First, the plot. I found Julie to be utterly insufferable. Every decision she makes is not real, it's just another way for her to do exactly what everyone else doesn't want her to do. At nearly 30, she's way too old for the teenage rebellion. She and her "friends" at the cafe live their entire lives trying to meet some sort of moral code that they think makes them superior to everyone else while they are completely unappreciative of what they do have. Her relationship with Abdu is just a way for her to take her rebellion to its outer limits. Abdu's family in the "Arab village" (more on that later) is infinitely more interesting than Julie or any of her friends. My only consolation is that Abdu also finds her insufferable from time to time.
I realize this assessment is entirely personal. People with these sorts of airs and pretensions get on my last nerve.
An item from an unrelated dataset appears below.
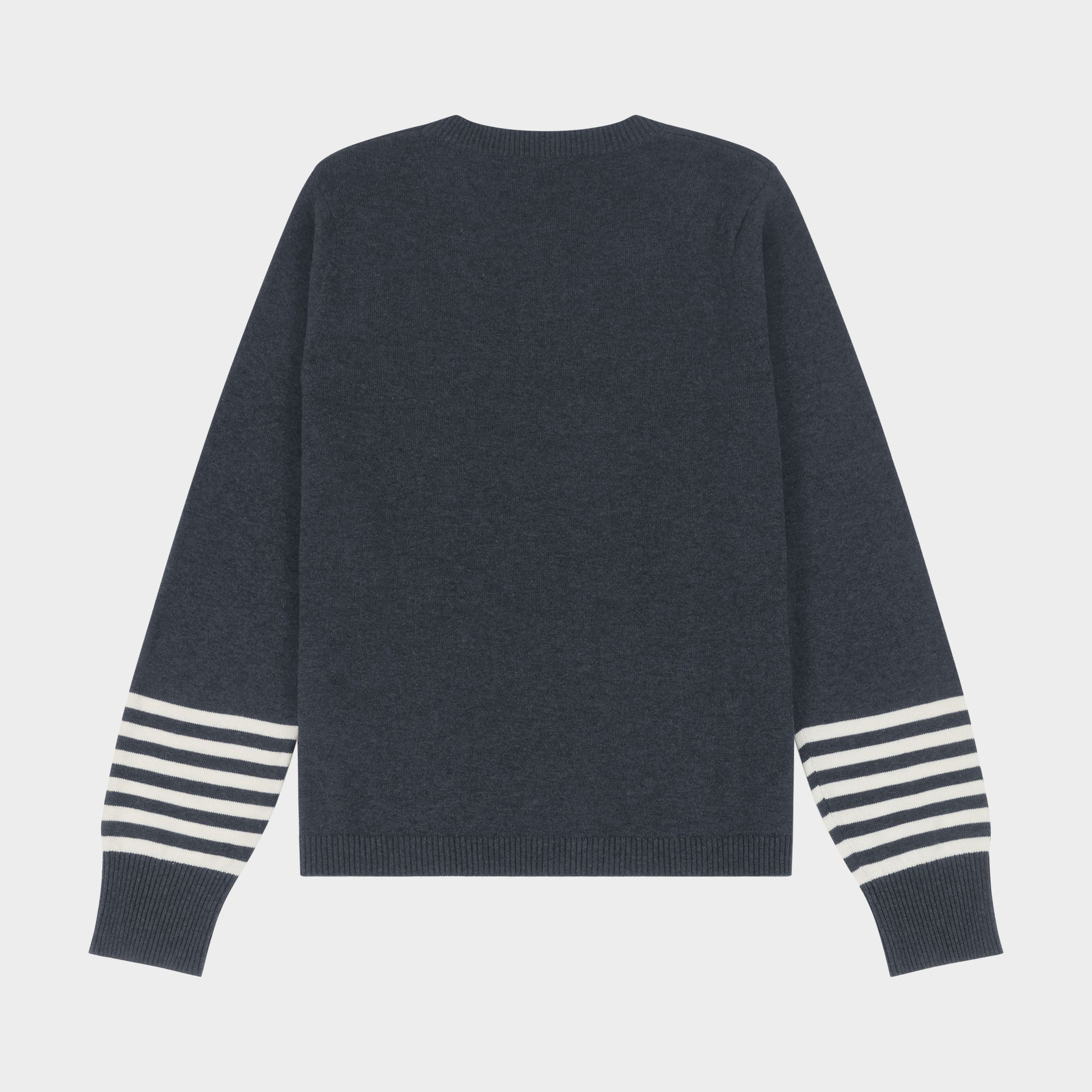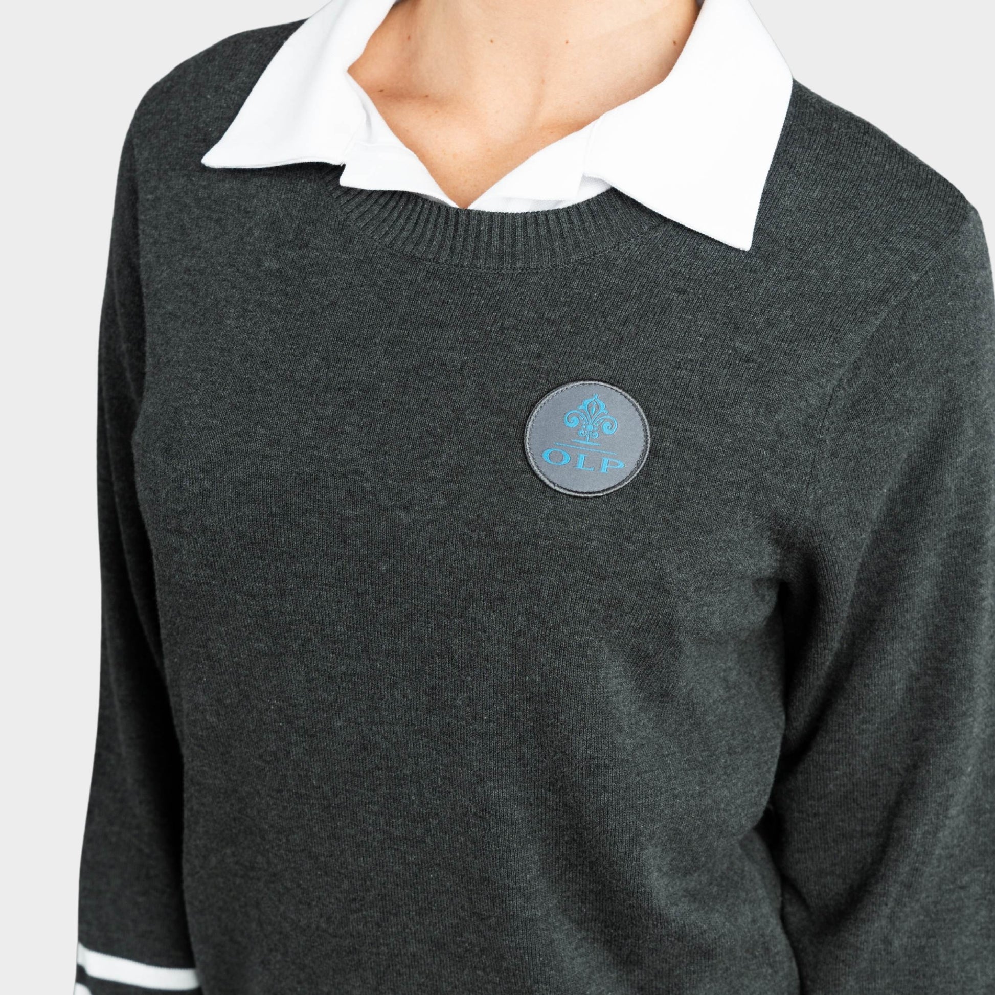 A classic layering piece designed for everyday uniform wear. This crew neck pullover is made from 100% cotton and features contrast stripes around the sleeves for a sharp, elevated detail. It includes a school logo patch on the chest and is the perfect layering weight—light enough to wear over a polo and easy to layer under a blazer or jacket. The fit is flattering on all body types and can be sized up for a relaxed look or down for a more fitted silhouette. Made from natural cotton fibers that may show slight variation in color and will soften with every wash.

Second, the writing. Gordimer does her very best to make you need to read every passage at least twice to figure out what she is trying to say. It got to the point that I felt like I was watching a movie through a vaseline smeared screen; you have to squint to see what's going on. And then there's the matter of this "unnamed Arab village". The author is very determined that this "unnamed village" be mysterious and a stand-in for the average Arab village, but then she drops a clue that told me within 2 minutes of googling that they're in Morocco. So if you want it to be unnamed and representative, why drop that clue? I don't get it. And then there's the brief side plot of Julie's uncle being unjustly accused of sexual harassment. It had absolutely zero effect on the plot, so it felt like the author just wanted to make the point that "Hey! Some women lie about sexual harassment!"
Every drawn out, metaphoric passage felt like the author poking me in the eye and saying "Ha ha! I'm sooooo much smarter than you." What could be an interesting story about the nature of immigration is buried under all this...affectation. It wasn't even a good love story.
So yeah. Thumbs down. Only finished it because it was for my book club.
on March 19, 2015
I have only read a few books by Nadine Gordimer so I am not sure what her style is. I have found that she starts out to tell a good story and then gets bogged down in her ideals while the story and character dissolve. This was slightly less the case in this book, although I found the principal character unbelievable and unlikeable. This book, like the others of hers I have read, lacks immediacy. She breaks the rule I have always heard from my English teachers about writing, which was , " Show it to me, don't tell me about it." Gordimer is telling, in the third person, much of the time. I found the detailed description of the uncle gynecologist completely unnecessary as well as the pointless diversion of the lawsuit against him. My last difficulty with the book is probably not fair as it was written at an earlier time, but I find it difficult to believe that an independent Westernized woman like the one in this book would be so welcome, or so safe in the nameless community that is depicted here, wherever it might be. I think she would give grat offense by the failure to cover her head or otherwise dress properly and the failure of even a fictional character to behave with simple respect makes her unpleasant for me.
on March 10, 2003
"The Pickup (PU)" may be Nadine Gordimer's best novel to date. Her observations about social and cultural conflict and the universal truths revealed in her latest is proof indeed that, despite her well entrenched reputation as an African novelist, Gordimer's aim is lofty and wide and the result is that she has successfully avoided being cast in the limiting mould of an ethnic writer.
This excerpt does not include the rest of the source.